Curve Finance and Read-Only Reentrancy
Curve Finance: Specialized AMM
A specialized AMM optimized for stablecoin swaps (USDC/DAI) and pegged assets (ETH/stETH).
Uses a complex invariant to create flatter pricing curves for lower slippage, making it highly efficient for similar assets.
Read-Only Reentrancy Vulnerability
A sophisticated 2023 vulnerability affecting protocols integrating with Curve, not Curve's pools themselves.
  • Classic Reentrancy: Attacker withdraws funds before a state update.
  • Read-Only Reentrancy: Attacker exploits an intermediate state to corrupt price oracles, tricking other protocols (like dForce, Sentiment, Midas) into bad decisions by trusting manipulated price data.
The get_virtual_price Manipulation
Protocols value Curve LP tokens using get_virtual_price(), calculating one LP token's value relative to pool assets:
\text{Virtual Price} = \frac{D}{\text{Total Supply of LP Tokens}}
where D represents total pool asset value.

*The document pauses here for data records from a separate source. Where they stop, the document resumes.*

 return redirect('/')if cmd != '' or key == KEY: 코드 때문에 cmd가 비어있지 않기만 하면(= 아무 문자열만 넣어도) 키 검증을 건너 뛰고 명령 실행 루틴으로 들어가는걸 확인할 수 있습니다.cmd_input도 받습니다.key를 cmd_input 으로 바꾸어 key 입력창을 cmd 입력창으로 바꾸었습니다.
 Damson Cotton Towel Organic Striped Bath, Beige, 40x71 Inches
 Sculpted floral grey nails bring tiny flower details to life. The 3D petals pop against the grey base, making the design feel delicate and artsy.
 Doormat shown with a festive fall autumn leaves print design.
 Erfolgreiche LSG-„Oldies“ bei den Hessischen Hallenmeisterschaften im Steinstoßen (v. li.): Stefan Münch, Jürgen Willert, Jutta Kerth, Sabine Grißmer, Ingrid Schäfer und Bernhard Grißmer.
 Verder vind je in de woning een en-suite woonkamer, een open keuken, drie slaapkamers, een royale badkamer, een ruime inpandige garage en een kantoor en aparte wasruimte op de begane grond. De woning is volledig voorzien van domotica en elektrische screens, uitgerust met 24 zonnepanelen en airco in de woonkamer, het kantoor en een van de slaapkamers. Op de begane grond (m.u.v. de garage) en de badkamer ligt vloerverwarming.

Figure 7: During remove_liquidity, LP tokens burn immediately (reducing Total Supply), but internal balances update after ETH transfer. This creates an exploit window where:
\text{Virtual Price} = \frac{\text{Old (High) } D}{\text{New (Low) Total Supply}}
Result: Massive artificial price spike. Before: D = 100, Supply = 100, P = 1.0. During callback: D = 100, Supply = 50, P = 2.0. After: both return to 50, P = 1.0.
The dForce Attack Sequence
1
Flash Loan
Borrow ETH
2
Deposit
Add ETH to Curve pool, mint LP tokens
3
Trigger
Call remove_liquidity
4
Re-entry
Fallback triggered (ETH transfer)
5
Exploit
Call dForce with inflated LP price
6
Theft
Borrow stablecoins (worthless collateral)
7
Exit
Price normalizes, dForce debt
This exploit cost dForce approximately $3.6M and Sentiment $1M, leveraging temporary price inflation during the callback window.

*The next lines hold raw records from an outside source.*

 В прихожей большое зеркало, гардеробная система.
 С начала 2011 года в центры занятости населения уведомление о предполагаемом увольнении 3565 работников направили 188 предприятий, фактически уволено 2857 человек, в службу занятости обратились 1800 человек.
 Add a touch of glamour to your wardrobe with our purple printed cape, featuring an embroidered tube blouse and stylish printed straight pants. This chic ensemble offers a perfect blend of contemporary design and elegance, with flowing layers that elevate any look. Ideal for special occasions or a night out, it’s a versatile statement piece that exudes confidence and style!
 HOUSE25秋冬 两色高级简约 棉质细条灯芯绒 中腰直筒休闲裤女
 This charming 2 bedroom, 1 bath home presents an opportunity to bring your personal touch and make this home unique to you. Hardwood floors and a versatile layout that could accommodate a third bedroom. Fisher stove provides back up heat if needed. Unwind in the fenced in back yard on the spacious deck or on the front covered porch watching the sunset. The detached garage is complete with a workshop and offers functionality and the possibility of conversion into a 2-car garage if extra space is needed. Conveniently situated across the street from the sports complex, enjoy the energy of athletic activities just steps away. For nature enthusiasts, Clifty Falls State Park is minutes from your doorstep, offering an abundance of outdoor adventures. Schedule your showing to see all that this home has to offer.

The Vyper Compiler Bug (July 2023)
Distinct from read-only reentrancy, the Vyper bug was a catastrophic toolchain failure. Specific Vyper versions (0.2.15, 0.2.16, 0.3.0) contained a compiler bug where @nonreentrant guards failed.
Root Cause
The compiler assigned inconsistent storage slots to reentrancy locks across different functions. The @nonreentrant('lock') modifier appeared correct in source code but compiled to bytecode that never enforced mutual exclusion, enabling classic reentrancy attacks on Curve pools (CRV/ETH, aLETH/ETH) that drained over $69 million. This issue affected 3 Vyper versions.

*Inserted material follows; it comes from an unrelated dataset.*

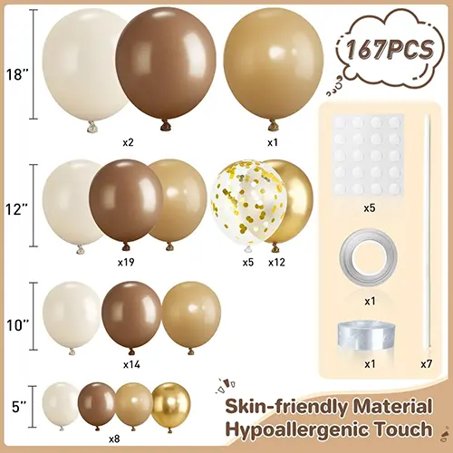 · المكونات المتضمنة: بالونات قياسية متناسبة مسبقًا بلون الجمل (تحتوي على 5 ظلال متدرجة)، وقاعدة مقوسة عالية القوة، وموصلات احترافية، وقفازات منقطة بالصمغ، ودليل تثبيت مبسط.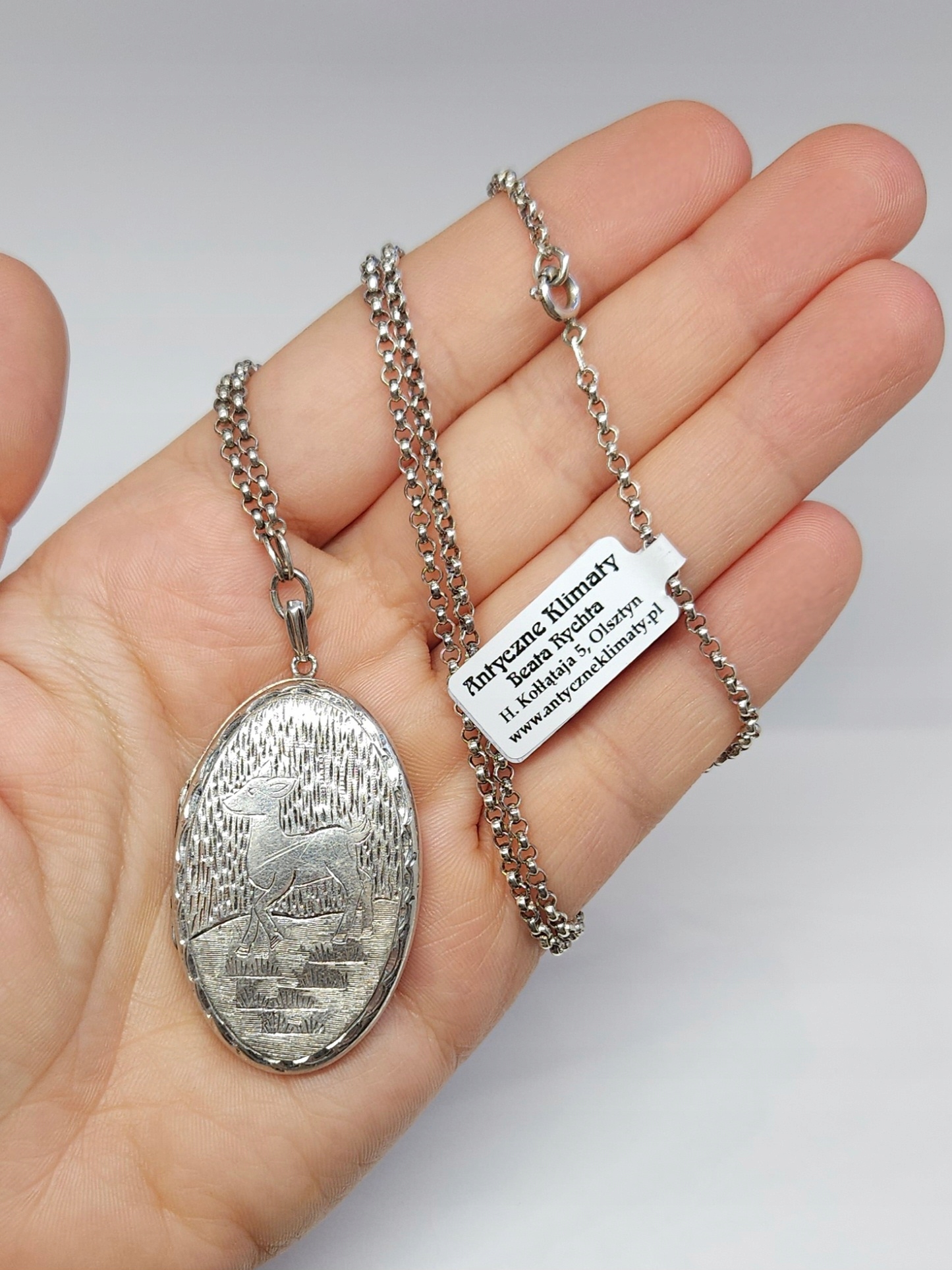 Серебряный кулон - овальный секретарь с пространством для двух фотографий, украшенный мотивом с оленем с оленем с оленем, в комплекте с цепью Rolo - цепь и подвеска; Из -за возраста световые признаки использования видимых

Critical Lesson: Even perfect source code is insufficient. Supply chain security demands verifying compilers and build tools that translate code to bytecode.
Systemic Risks: Access Control
Access control exploits surged in 2025 statistics. Smart contracts contain privileged functions (mint(), pause(), upgrade()) protected by modifiers like onlyOwner.
Centralization Risk
If the private key controlling the Owner account is compromised via phishing, poor OpSec, or malware, attackers gain "god mode" over the protocol
Multi-Signature Wallets
Require M-of-N keys to execute privileged actions, distributing power and reducing single points of failure
Timelocks
Force 24-48 hour delays before privileged actions execute, giving users time to exit if they detect malicious behavior
The "Rug Pull": Malicious developers intentionally leave backdoors or use privileges to drain user funds.
Flash Loans as Force Multipliers
Democratizing Protocol Attacks
Flash loans, while financial primitives themselves, significantly amplify the impact of other vulnerabilities. They remove capital constraints, making exploits previously reserved for well-funded attackers accessible to anyone with a single transaction fee.
High Capital No Longer a Barrier
A price manipulation requiring over $100 million in capital can now be executed by anyone.
Single Transaction Fee
The only cost to perform a flash loan attack is the network's transaction fee.
Zero Collateral Required
Funds are borrowed and repaid within the same blockchain transaction, eliminating collateral needs.
This paradigm shift means any economic inefficiency exploitable with substantial capital will inevitably be targeted. The removal of capital barriers dramatically broadens the attack surface for decentralized protocols.
Signature Replay and EIP-712
Modern protocols use off-chain signatures for gasless transactions. A common vulnerability is signature replay, where signatures intended for specific actions are reused maliciously.
The Vulnerability
If signatures lack nonces (counters) or chainId, attackers can:
  • Replay signatures to execute withdrawals multiple times
  • Execute transactions on different blockchain forks
  • Reuse signatures across different contracts
EIP-712 Defense: Standardizes typed structured data signing. Always include nonce, chainId, and contract-specific domain separator in signed messages. This makes replay on different contracts or chains significantly harder.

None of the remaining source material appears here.